US President Joe Biden and his Russian counterpart Vladimir Putin had an online video discussion on Tuesday (7 December) focusing on the rising tensions around Russia's neighbour Ukraine. Biden warned Putin that Moscow would pay a high economic and financial price if it invaded Ukraine.
The Biden administration is considering, as a potential sanction, excluding Russia from the international SWIFT system, which regulates international payments between banks. The US has also announced potential sanctions against Russian banks and Putin's confidants. Biden warned Putin that Russia would pay "very high costs" if he did invade.
Before the meeting, Biden expected a "long discussion" and indicated he would make things "very difficult" for Putin.

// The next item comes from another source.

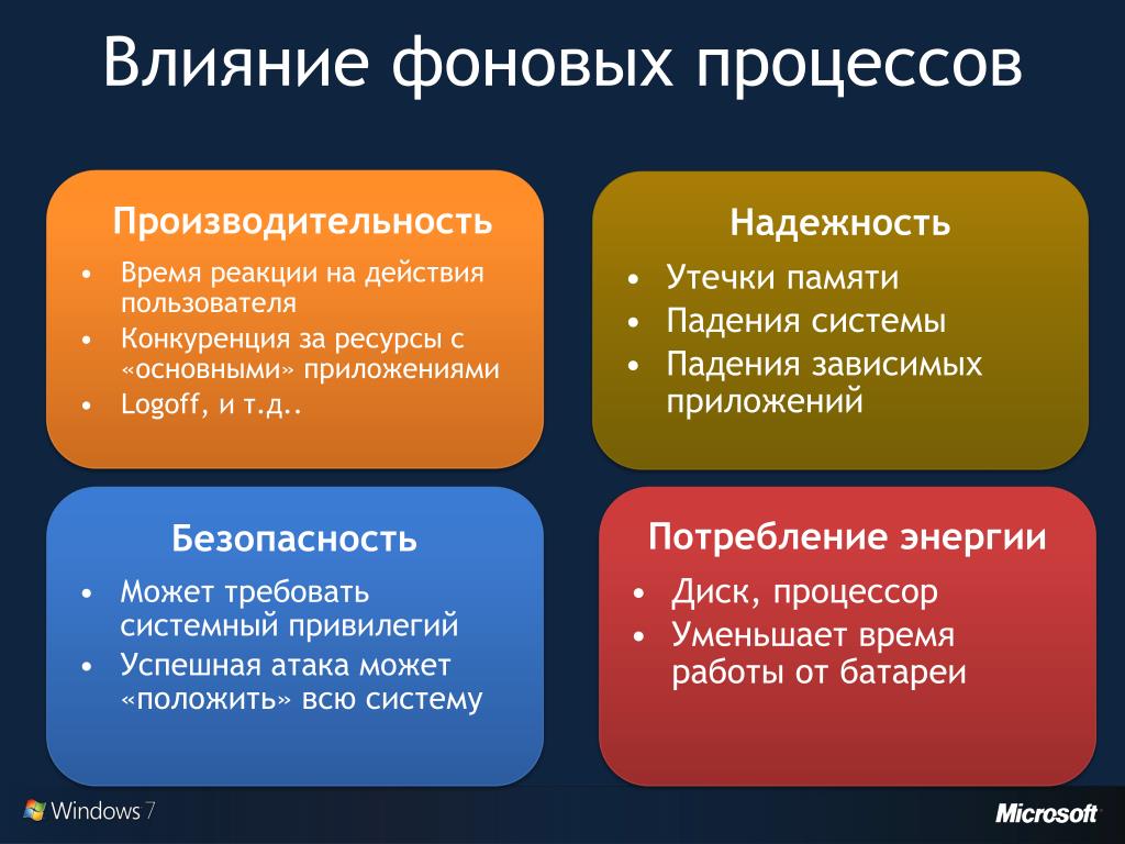 Давайте рассмотрим некоторые распространенные фоновые процессы и причины их использования.

In recent weeks, news emerged that Washington fears a Russian invasion of Ukraine was imminent, and warned the Russians of "serious consequences" if they invade. Moscow denies plans for an attack and insists on its right to station military troops anywhere on the territory of its country for military exercises without foreign interference.
The Russian military buildup has caused tensions to rise again between the US and Russia. Putin warned about crossing a "red line" with new international military activities in Ukraine. Biden said he "will not accept red lines from anyone".
The two leaders also clearly differ on a range of other issues. For example, Moscow demands that the Western alliance NATO not be expanded further eastwards towards Russia by accepting new members such as Ukraine and Georgia. The US also accuses the Russians of helping neighbouring Belarus to send migrants and asylum seekers from the Middle East towards the European Union.
According to US intelligence, it is now estimated that Russia has about 100 thousand military troops assembled in western Russia near the border with Ukraine. According to a leaked American analysis last week, this number may grow to about 175 thousand troops by the end of January. With these military forces the Russians could invade Ukraine from three directions.